1. Modular Driver Assistance Package ECE 445: Senior Design Group 14 Bryan Clodfelter, Joseph Ekstrom, & Swati Acharya December 3rd, 2008

2. Three Goals: Adaptive cruise control (ACC) Short-range vehicular communication (“Wolf Pack”) Effective driver assistance Three Components: Scanning laser rangefinder High-end microprocessor Low-latency RF transceiver Concept

3. Concept, Illustrated (1 of 3) • Adaptive Cruise Control • Uses radar or laser transceiver to perform “time of flight” (TOF) calculations in order to gauge distance to obstructions ranging from 30 to 300 feet up ahead. • Rangefinder data is relayed to an on-board microprocessor, which filters out extraneous data and determines instantaneous closing velocity. • With ACC enabled, the on-board system will automatically slow the driver’s car to avoid crashing into a slower vehicle ahead; once that vehicle moves away, the system will bring the car back to its original velocity.

4. Concept, Illustrated (2 of 3) • Vehicular Communication • According to the “Big Rig Myths” episode of the Discovery Channel’s show, Mythbusters, drafting behind a semi-trailer at a range of 10 feet boosted the fuel efficiency of a 25 mpg car to 44.5 mpg—a 39% improvement. • Presently, those kind of driving conditions are impossibly dangerous.

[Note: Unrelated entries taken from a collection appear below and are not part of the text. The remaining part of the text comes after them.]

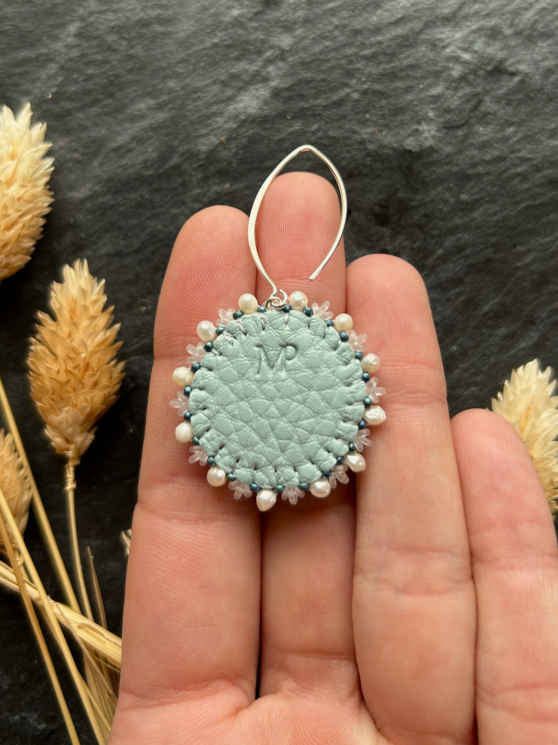 Ohrringe mit naturbelassenen Abalone-Perlmutt-Cabochons in kreisrunder Form umrahmt von schillernden Süßwasser-Perlen und feinen Saatperlen in weißen, türkis-farbenen und blauen Tönen
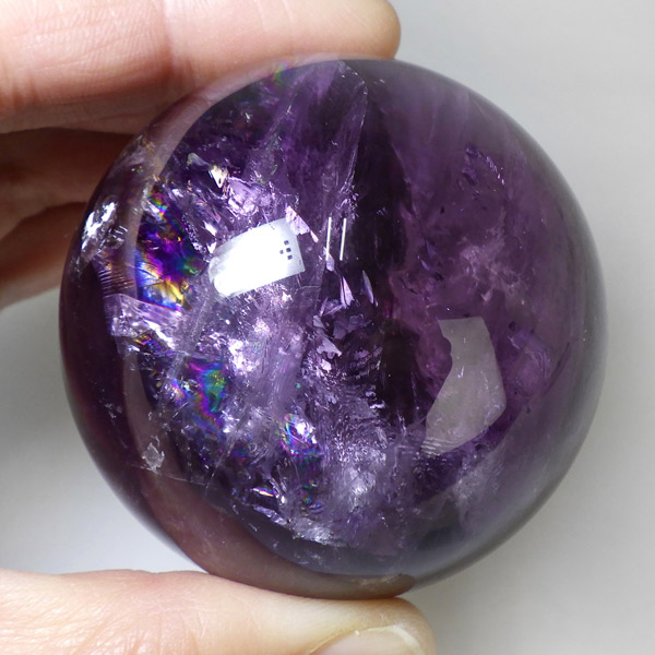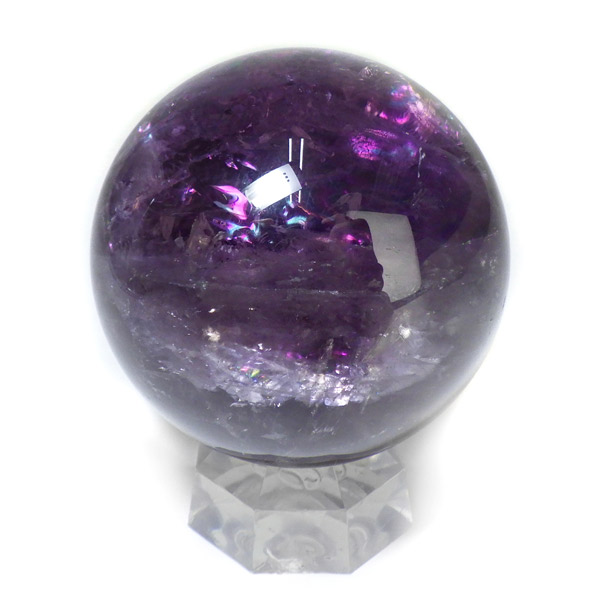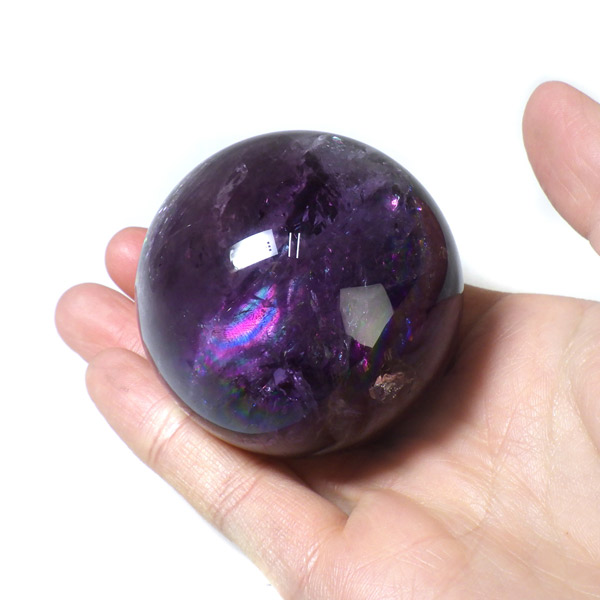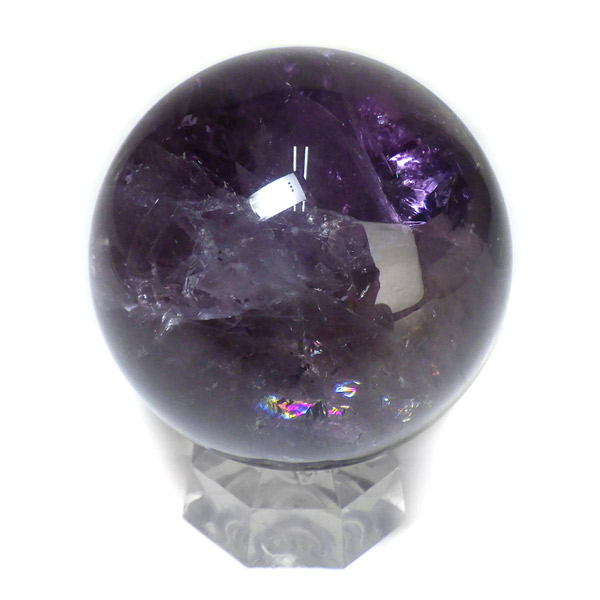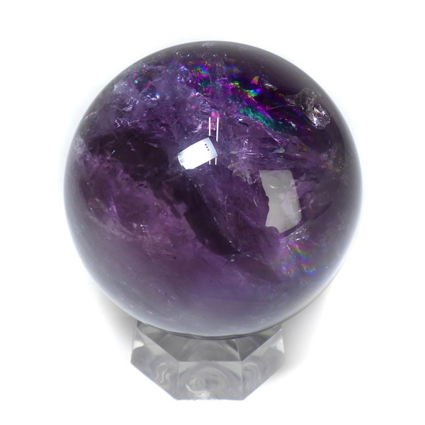 ブラジル産の高品質のアメジスト球です。素晴らしい透明度を持ったアメジストで色はほぼ均一の濃い紫。内部の鏡面による流れるように現れるレインボーが一番の見どころポイントです。透明度が高いのでいろんな表情が見られます。58mmと野球ボールほどの大きさがあります。光に透かして見たり、くるくると回してみたり、お気に入りの場所に飾ってみたり、実際に手に取って楽しんでいただきたい一点です。
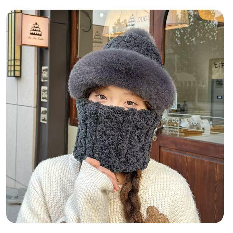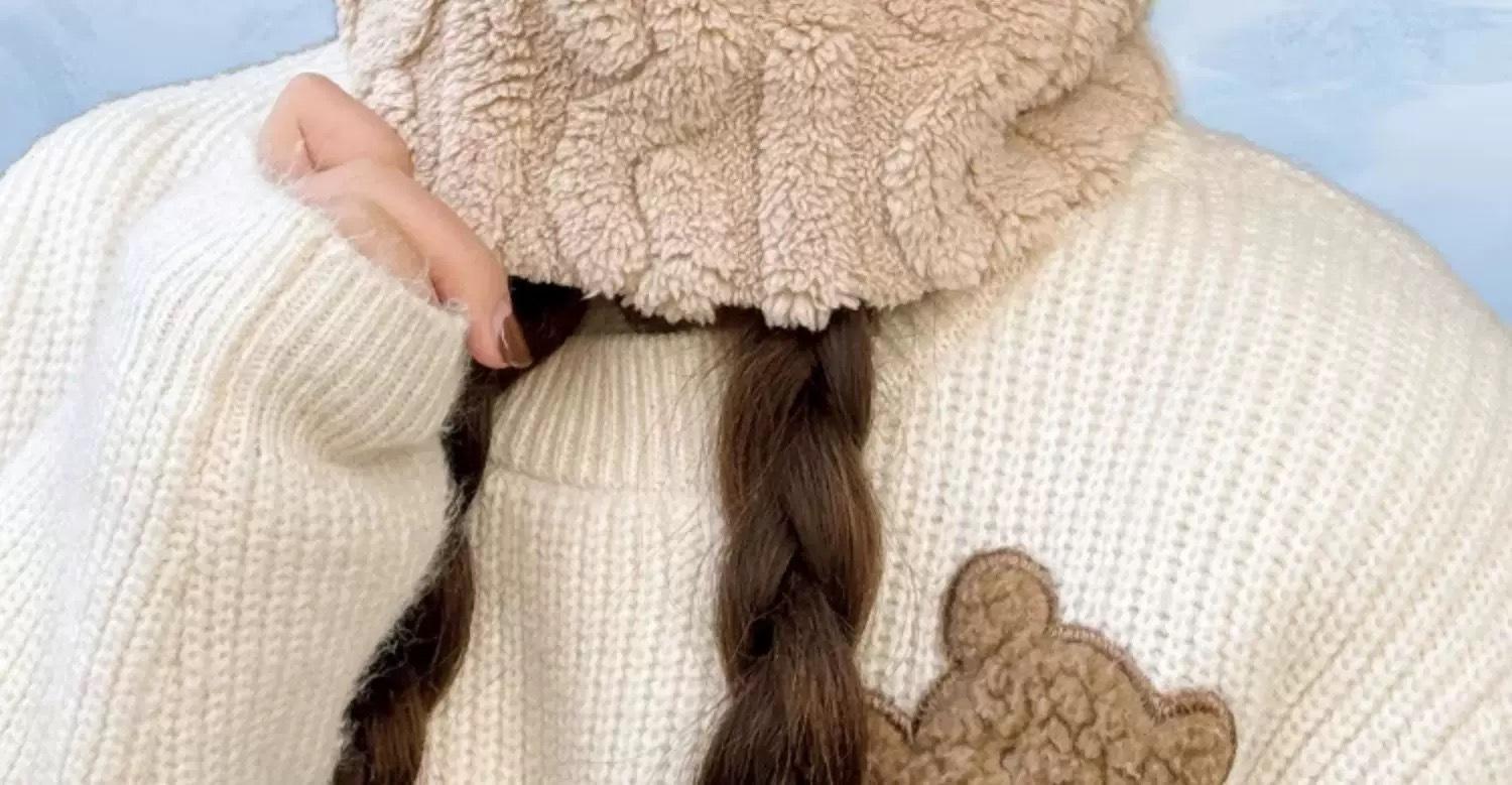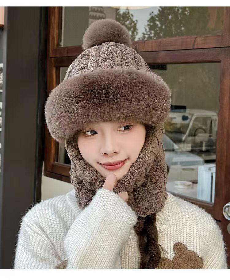 Winter cycling all-inclusive hat/hat for women autumn and winter/cute bear hat/middle-aged and elderly autumn ...

At 55 mph (80.67 feet per second), 10 feet of separation equates to 0.124 seconds of separation—faster than many humans can react. Conceptually speaking, vehicles with low-latency RF communications hardware and ACC systems could make these traveling conditions feasible.

5. Concept, Illustrated (3 of 3) • Effective Driver Assistance • An augmented display cluster offers three new pieces of driving data to the the user: distance, closing velocity, and a recommended course of action. • Additionally, “Wolf Pack” drive mode is operated through the display cluster. Due to its autonomous nature, the driver only requires connection options and a RF connection status display. • Even with ACC off, as circumstances progress from normal to dangerous to perilous (where a collision is deemed imminent), the microprocessor may choose to brake the car if the driver is non-responsive (or insufficiently responsive).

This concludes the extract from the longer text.